The XX Factor

Sorry, but the Abortion Rate Is Not Going Down Because Women “Choose Life”

Maybe this has something to do with it.  

Photo by Brendan Smialowski/AFP/Getty Images

The abortion rate is down, and anti-abortion folks would very much like to take credit for it. Last week, David Frum at the Atlantic wrote a piece arguing that “the pro-life movement really does seem to have changed American minds about the morality of abortion,” and that, along with a growing acceptance of single motherhood, has led to a drop in the abortion rate. At the National Review on Wednesday, Ryan T. Anderson and Sarah Torre, while hastening to add that they still think single motherhood is the worst, agree that the dropping abortion rate must be because “more young women are choosing to parent when they understand that there’s a life at stake,” due to four decades of bloody fetus pictures and exhortations to “choose life.”

There’s no reason to believe that any of this is true. Yes, the abortion rate is down.

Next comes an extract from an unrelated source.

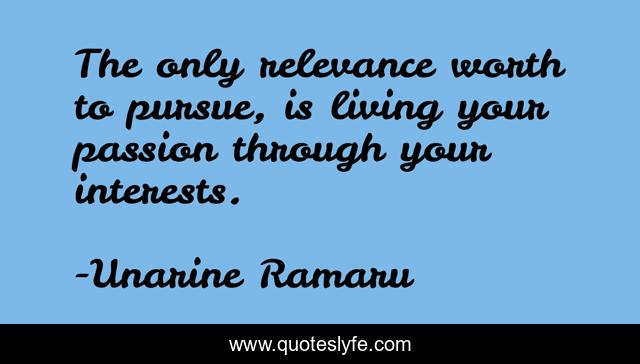 This page presents the quote "The only relevance worth to pursue, is living your passion through your interests.". Author of this quote is Unarine Ramaru. This quote is about character-building, leadership, passion, pursuit, interest, relevance,.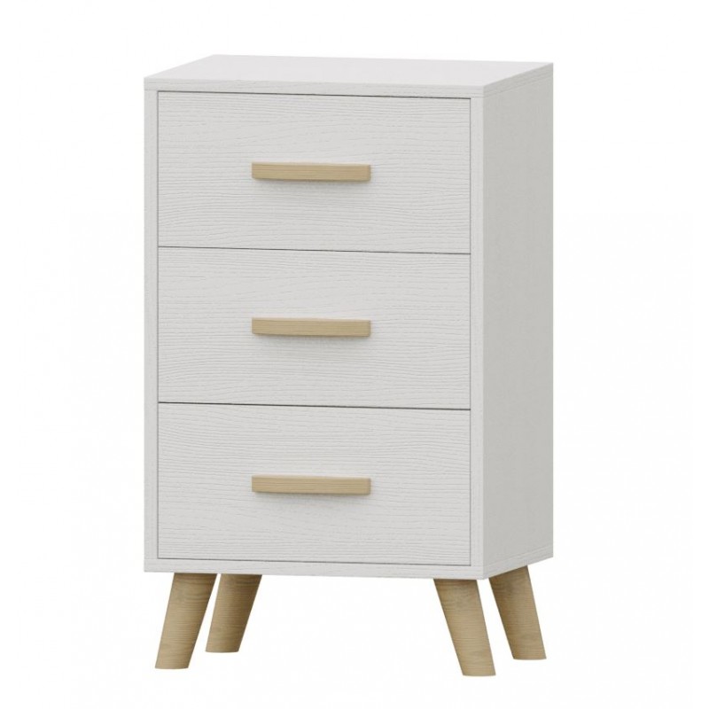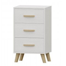 La mesita Nórdico, está compuesta por 3 cajones. Fabricado en color Blanco Nieve, con detalles tiradores y patas en Roble. Se trata de un sinfonier de estilo moderno y elegante, gracias a sus acabados se consigue gran luminosidad y amplitud. Disponible el resto de la colección en nuestra web. Fabricado en material de primera calidad.

But if that was due to women choosing childbirth over abortion, then we’d see a subsequent spike in the birth rate to go along with the abortion decline. But as Joerg Dreweke at the Guttmacher Institute pointed out in a 2014 analysis of the same abortion numbers Frum is looking at, “the decline in abortion between 2008 and 2011 coincided with a steep national drop in the birthrate”—13 percent and 9 percent, respectively. “By looking at abortion and birth numbers, this point becomes even more clear: Between 2008 and 2011, abortions declined by about 150,000, but births by roughly twice as much (down about 300,000),” he adds. Women aren’t “choosing life” more. On the contrary, they’re just getting pregnant less.

To be fair, Frum anticipated this objection and thought he had answered it: “At any given moment nearly 40 percent of women are using no birth-control method at all. Almost half of all American pregnancies are unintended.” An interesting point, but it doesn’t change the baseline fact that women just aren’t getting pregnant as often. So what’s going on? A sex strike? Or is anal sex is even more popular than my colleague Will Saletan even appreciated in his in-depth report on the matter? Or maybe one National Review commenter was right when he wrote, “There are many women who had so many abortions at a young age they can’t get pregnant now.” (He is not right.) One thing we know for sure is it can’t be that women are giving birth more, because they just aren’t. 

The likeliest explanation is probably the most mundane one. It really is about the contraception. While Frum is correct about the overall levels of contraception use, when you get into the details, a different picture emerges. Dreweke points out that for women younger than 30 who are at the greatest risk of unintended pregnancy, the number “not using any method of contraception dropped by one-fifth.” There’s also reason to believe that women generally are choosing more effective methods, like long-acting contraception methods that have grown dramatically in popularity in recent years.

So while Anderson and Torre might decry the “sexual revolution that decoupled sex from marriage,” that revolution and the way it reduced stigma about contraception use is giving us a lower abortion rate. You’re welcome, anti-choicers.